Hello my family and friends. Thank you for reading my 2010 Christmas message. I have been publishing a Christmas message every year for about ten years now. While I was considering and praying about what to write this year, my mind kept going back to the original Christmas messages from a decade ago and why I wrote them in the first place. It is common knowledge that Christmas and Christianity are under attack in the USA. These yearly publications are supposed to give other Christians a positive, encouraging and uplifting message of hope.
This year’s message is basically this: “It’s dangerous to attach our faith to our culture.”
Christmas is a time of the year when we are reminded of God’s gift to the world (John 3:16). The Bible says that God is the same today, yesterday and forever (Malachi 3:6, Hebrews 13:8). Cultural aspects of our faith change over time but the reality of Christmas is unchangeable. I guess one of the reasons I have not been as easily offended by those who would play Grinch and steel our Christmas is because the culture of MY Christmases has changed so much already over the past thirty years and not at the hands of the ACLU. Christmas is nothing like it was when I was a child. But I learned to recognize the difference between my culture and my faith long ago. The Bible warns us to guard against feelings of nostalgia (sorry I don’t have a reference for that one). If my focus is on Jesus and not on my culture, then I have nothing to fear from the ACLU and neither should you!
There’s evidence that Jesus wasn’t born in December, so I don’t consider Christmas to be a holy day. But I have no problem with dedicating an entire season to spending time focusing and reflecting on God’s gift to the world. I love the Christmas season. I love celebrating Our savior’s birth in my own way. Yes, I do agree that we should maintain that focus throughout the year, but Christmas is sort of like a booster shot for the rest of the year. By celebrating Christmas, we can focus on God’s grace in our lives long enough and sincerely enough, hopefully, to carry us through the rest of the year. The reality is that no one can take Christmas away from us.
Don’t be offended, but I believe we can see how deep a person’s faith is by observing how freaked out they act when the Christian culture is assulted. If you truly believe that God is the same today, yesterday and forever, what do you have to fear?

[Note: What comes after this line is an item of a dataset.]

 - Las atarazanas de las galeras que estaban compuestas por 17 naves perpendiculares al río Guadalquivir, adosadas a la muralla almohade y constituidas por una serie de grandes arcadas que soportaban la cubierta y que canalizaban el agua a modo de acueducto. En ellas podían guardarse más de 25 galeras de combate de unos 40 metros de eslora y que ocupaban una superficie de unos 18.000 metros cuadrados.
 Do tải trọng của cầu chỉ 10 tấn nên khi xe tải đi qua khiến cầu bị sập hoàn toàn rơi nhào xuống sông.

You know, there’s a lot the ACLU could learn from the old Grinch movie. You can’t take our Christmas away by taking our stuff. You can’t take it away by supressing our culture. You cannot undo the gift that was given two thousand years ago. I think We need to be more like the Whos in Whoville. They did not lose faith when the Grinch took their stuff. They knew that no one could take Christmas away from them. And on top of all that, as a result of their faith, the Grinch was saved in the end. Halleluia!
This is real life my friends. It’s not just some children’s book or cartoon. The Grinch story is based on real life Christian principles that seem to have been forgotten over the years. We have gotten so wrapped up in the culture of our faith that we no longer see the reality that sits at our culture’s center. “God so loved the world that He gave His only Son” and God is the same, always and forever. Even an army of Grinches couldn’t possibly undo the gift that God has given us. No, only WE can do that.

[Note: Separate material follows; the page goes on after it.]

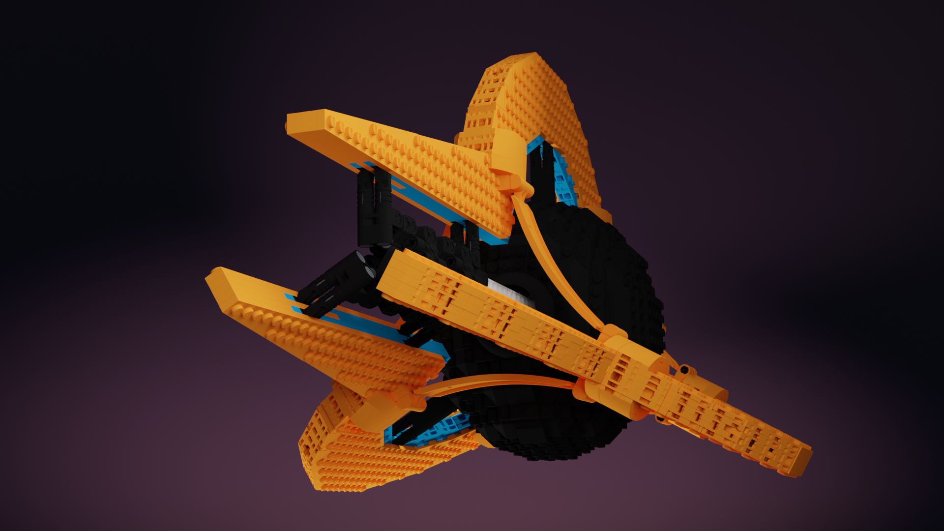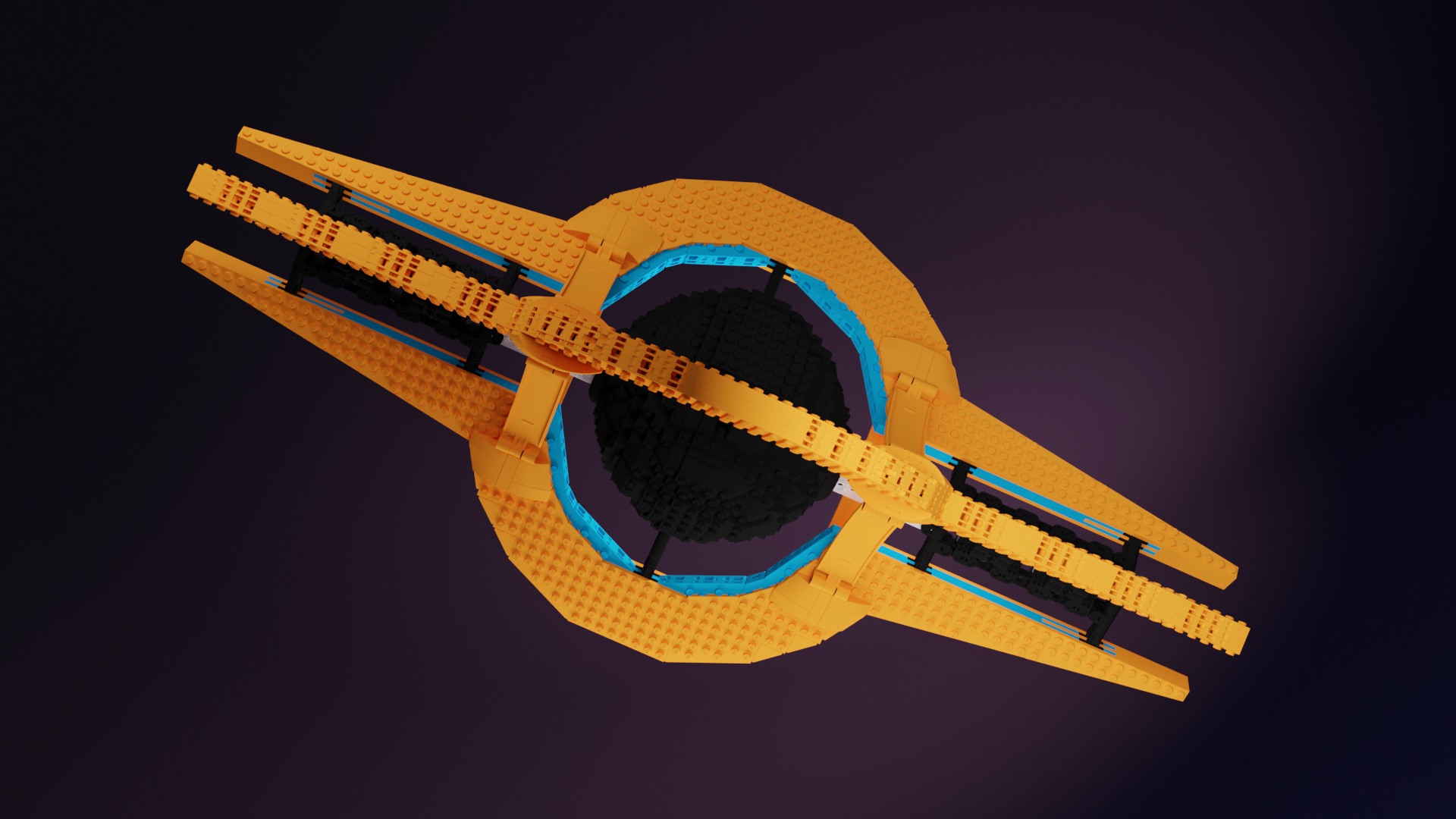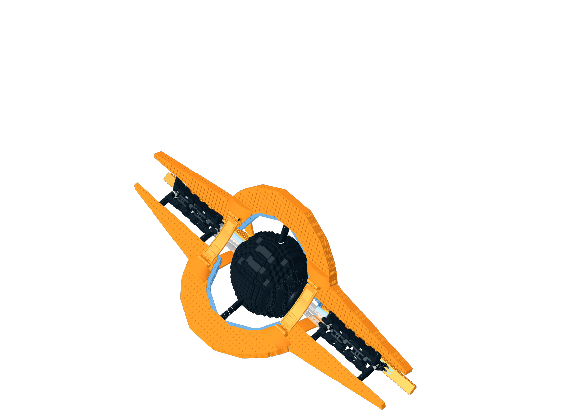 У меня, как у автора работы, возникают такие же трудности. Моей целью было набросать форму с дизайном ЧД, а вот придать ей смысл я так и не смог (хотя это идёт против моих правил) и не успел (как всегда, выложил работу в последние пять минут, ещё и с проблемами столкнулся). Под конец было решено, что это корабль с сингулярным реактором, то есть таки на энергии чёрной дыры (только большой, а не маленькой), да. А вот крылья - это сам корабль.

What do I mean? How can we undo the gift that God has given?
It’s quite simple. God’s grace in our lives is conditional. We only experience His grace for as long as we share it with others. We can undo His gift to us in our own lives by simply refusing to share that gift with others. Do you want to protect Christmas in your life? There’s nothing the ACLU can do to take it away from you. No, the greatest threat to your Christmas is in how you treat others.
Jesus told us to love our enemies (Luke 6:27-36). He told us that what we do for the least of people (Matt. 25:40), the lowest in our society, we do for Him. We celebrate Christmas by giving because God gave so much to us. The only thing that can take that away from us is our reluctance to give to others.

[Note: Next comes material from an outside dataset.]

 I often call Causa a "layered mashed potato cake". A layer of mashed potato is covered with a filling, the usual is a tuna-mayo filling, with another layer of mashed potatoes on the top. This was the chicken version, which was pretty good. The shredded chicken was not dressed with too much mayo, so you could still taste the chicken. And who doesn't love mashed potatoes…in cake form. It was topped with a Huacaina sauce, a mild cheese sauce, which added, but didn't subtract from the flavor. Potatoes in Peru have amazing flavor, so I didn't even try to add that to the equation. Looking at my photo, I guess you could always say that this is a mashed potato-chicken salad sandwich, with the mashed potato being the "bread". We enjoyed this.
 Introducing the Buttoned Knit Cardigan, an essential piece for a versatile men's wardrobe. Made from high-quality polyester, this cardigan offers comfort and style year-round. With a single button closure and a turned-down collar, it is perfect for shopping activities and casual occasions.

I guess that’s something that many of us have forgotten. Christmas is a time of giving. The true joys of Christmas come from giving to others, not from getting, or worse, taking from them. I encourage all of you to celebrate Christmas the way it should be celebrated. Give to those who are less fortunate than you. Be generous with what you have and be a blessing to those in your life. That’s what Christmas is. It’s not about Christmas trees and yard lights. It’s not about having the Walmart greeter tell us “Merry Christmas” as we enter the store. It’s not even about the Christmas carols or nativity scenes. Christmas is about sharing God’s gift with others. The rest of it is all cultural and not central to our faith.
Have a blessed and merry Christmas this year. Remember that I love you all with the love the Jesus has put in my heart.